SUPPLIED MATERIAL:
******************************

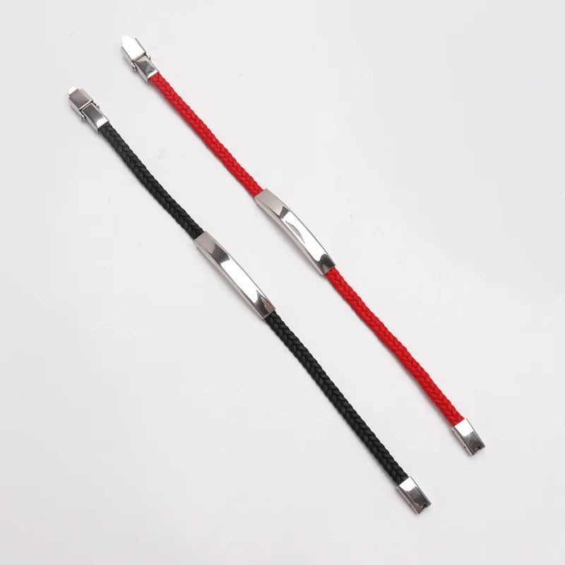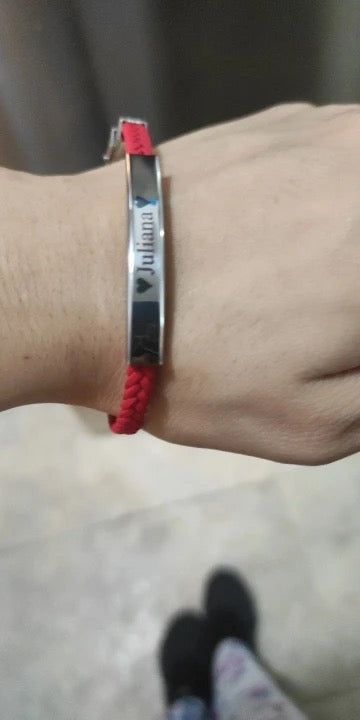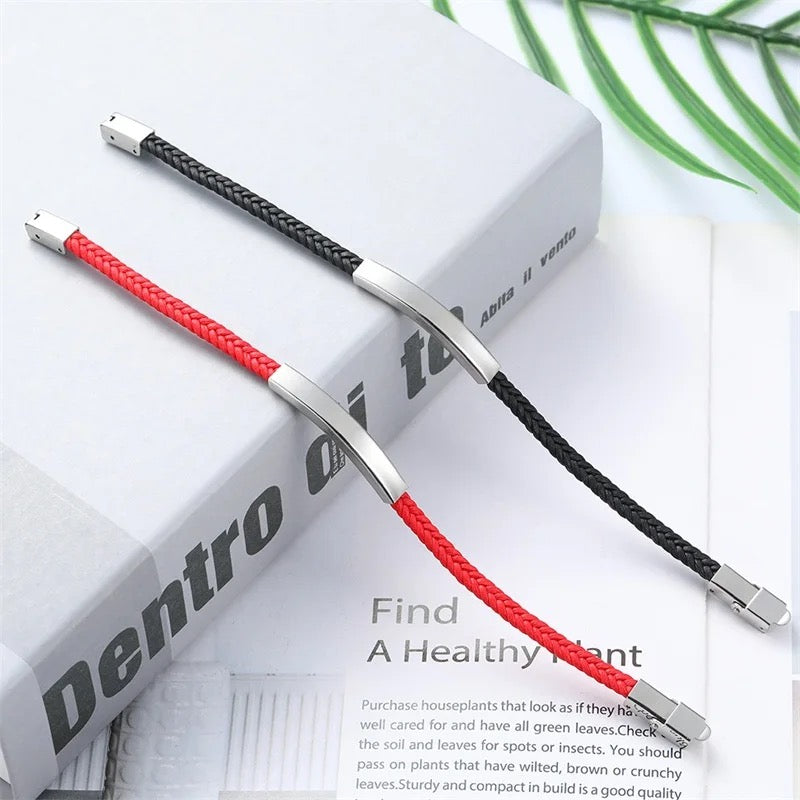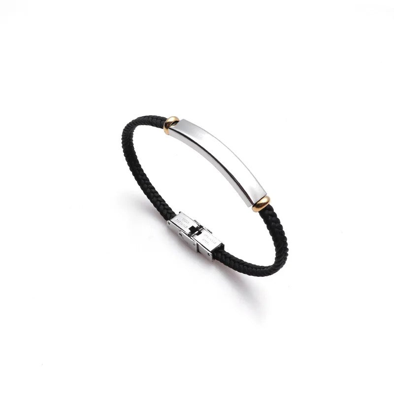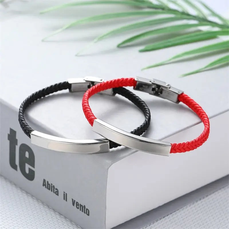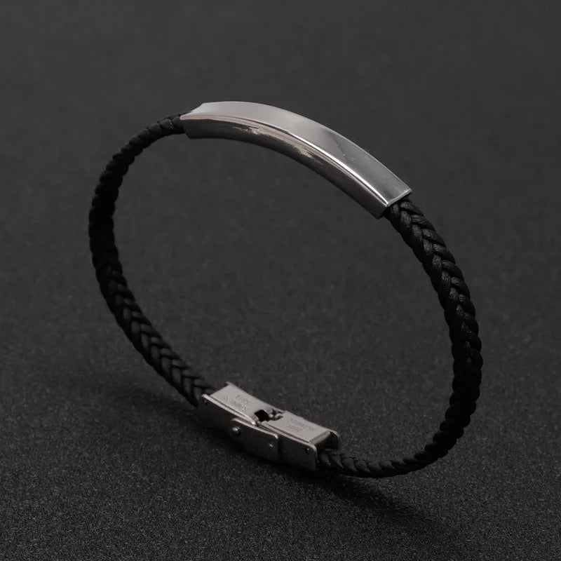 BRAZALETE FINO LEATHER TRENZADO PLACA MINIMALISTA DE ACERO LAMINADO PERSONALIZABLE
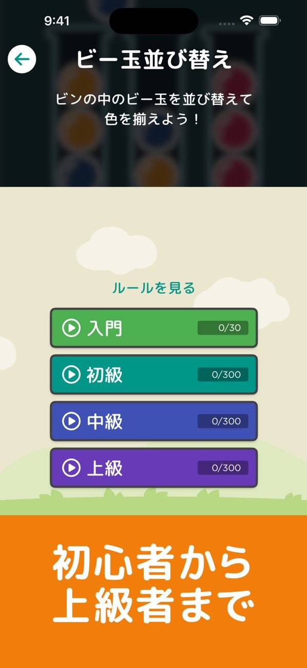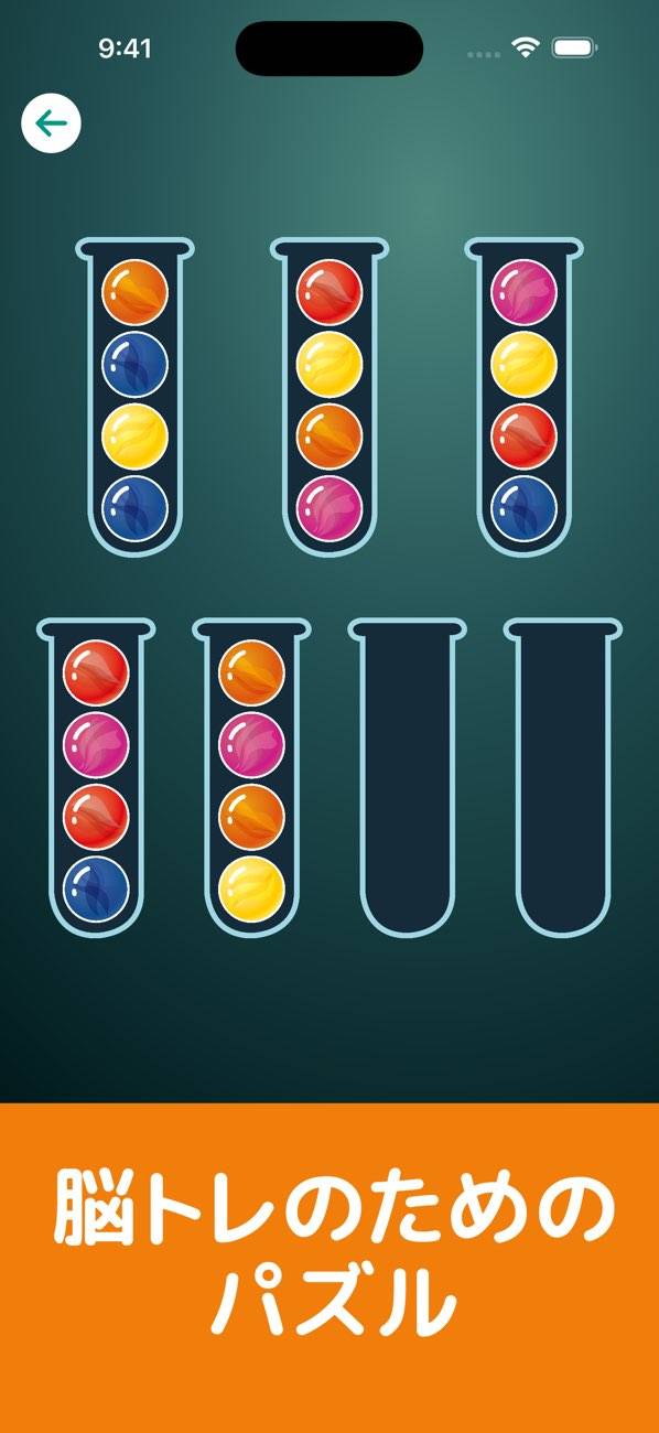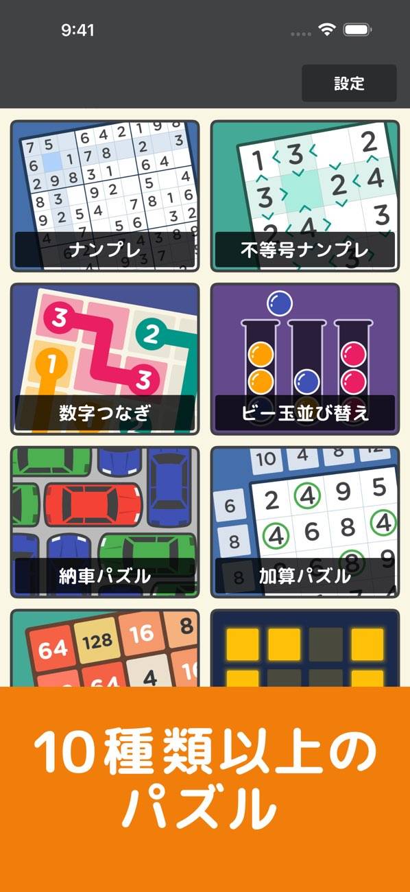 ナンプレ、ビー玉並べ替え、納車パズルなどがひとつになったアプリ。全12種のパズル一覧の中から好きなものを自由に選択して遊べます。難易度も入門、初級、中級、上級の4種が用意されており、ステージ数も150~300と多く遊び応え満点!
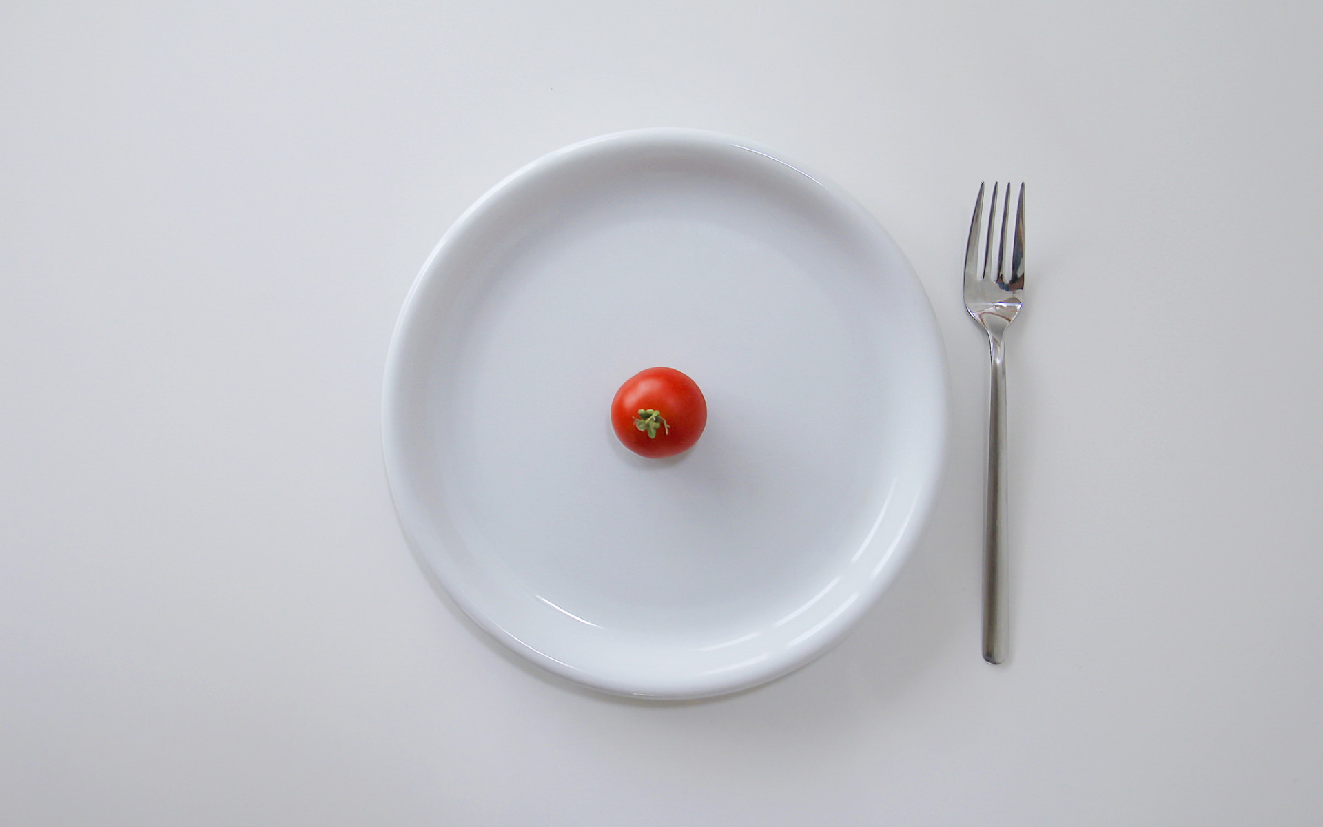 Description: A tomato on a plate with a fork and knife on a table top with a white background.
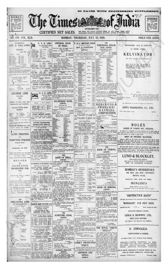 Times of India, July 18, 1929.

******************************

WHAT YOU NEED TO DO:
Leave the pictures out and copy the rest of the data exactly.

ANSWER TO THE EXERCISE:
 BRAZALETE FINO LEATHER TRENZADO PLACA MINIMALISTA DE ACERO LAMINADO PERSONALIZABLE
 ナンプレ、ビー玉並べ替え、納車パズルなどがひとつになったアプリ。全12種のパズル一覧の中から好きなものを自由に選択して遊べます。難易度も入門、初級、中級、上級の4種が用意されており、ステージ数も150~300と多く遊び応え満点!
 Description: A tomato on a plate with a fork and knife on a table top with a white background.
 Times of India, July 18, 1929.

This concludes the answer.